ANGIOGRAPHIC CONTRAST-INDUCED VASCULAR AND RENAL TOXICITY A NANOMEDICAL APPROACH
Tadeusz Malinski, Ph.D., Ohio University, Athens, Ohio, USA
Background: Use of contrast media (CM) in angiography creates a paradoxical dilemma. Adsorption of CM molecules on endothelial cells is necessary to produce an x-ray image of the vasculature, but the adsorption process itself may contribute to cell dysfunction and serious vascular and renal damage. The molecular mechanism of CM induced toxicity is unknown. We hypothesized that CM toxicity can be due to an induced dysfunction of endothelial nitric oxide synthase (eNOS), low levels of cytoprotective NO and high levels of cytotoxic O2- and ONOO-
Methods and Results: A nanomedical approach, utilizing nanosensors (diameter of 150-250nm), was used to monitor the collision/adsorption of contrast molecules (iodixanol and iohexol) with cells and to measure the concentrations of NO, O2-, and ONOO-. Measurements were made at different concentrations of CM and at different incubation times with cellular models of different diseases: diabetes, hypertension and hypercholesterolemia. A ratio of concentrations [NO]/[ONOO-] was used to indicate the level of nitroxidative stress. Initially, the collision/adsorption of CM stimulated NO and ONOO-, peaking at about 400nM NO and 170nM ONOO- and a [NO]/[ONOO-] ratio of about 2.5. The maximal capacity of NO production decreased and ONOO- increased rapidly with time and [NO]/[ONOO-] reached about 0.8 after 2 hours. The decrease in [NO]/[ONOO-] directly correlates with increased incubation time, eNOS uncoupling, dysfunctional endothelium and CM concentration. An elevated glucose, angiotensin II or LDL decreased the [NO]/[ONOO-] ratio. This effect was additive to that observed for CM alone.

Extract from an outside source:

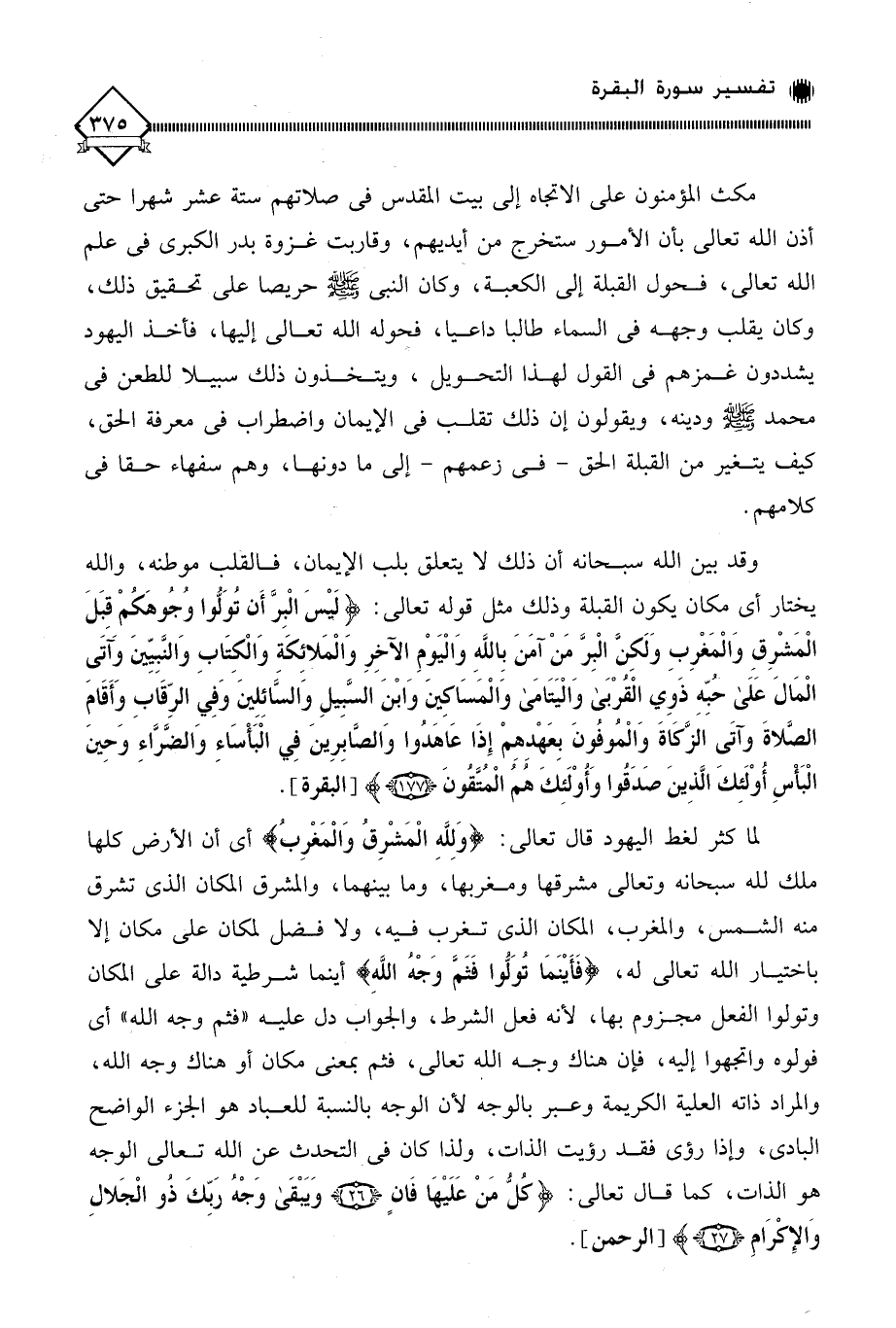 وقد بين الله سبحانه أن ذلك لَا يتعلق بلب الإيمان، فالقلب موطنه، والله يختار أي مكان يكون القبلة وذلك مثل قوله تعالى: (لَيْسَ الْبِرَّ أَنْ تُوَلُّوا وُجُوهَكُمْ قِبَلَ الْمَشْرِقِ وَالْمَغْرِبِ وَلَكِنَّ الْبِرَّ مَنْ آمَنَ بِاللَّهِ وَالْيَوْمِ الْآخِرِ وَالْمَلَائِكَةِ وَالْكِتَابِ وَالنَّبِيِّينَ وَآتَى الْمَالَ عَلَى حُبِّهِ ذَوِي الْقُرْبَى وَالْيَتَامَى وَالْمَسَاكِينَ وَابْنَ السَّبِيلِ وَالسَّائِلِينَ وَفِي الرِّقَابِ وَأَقَامَ الصَّلَاةَ وَآتَى الزَّكَاةَ وَالْمُوفُونَ بِعَهْدِهِمْ إِذَا عَاهَدُوا وَالصَّابِرِينَ فِي الْبَأْسَاءِ وَالضَّرَّاءِ وَحِينَ الْبَأْسِ أُولَئِكَ الَّذِينَ صَدَقُوا وَأُولَئِكَ هُمُ الْمُتَّقُونَ (177).

Conclusions: CM can hinder cytoprotective NO and increase cytotoxic O2- and ONOO-. It may also diminish the overall function of the vascular and renal system. The negative effect of CM increased in diabetes, hypertension and hypercholesterolemia, but can be mollified by preserving/restoring eNOS function with antioxidants or scavengers of ONOO- and O2- and/or increasing bioavailable NO.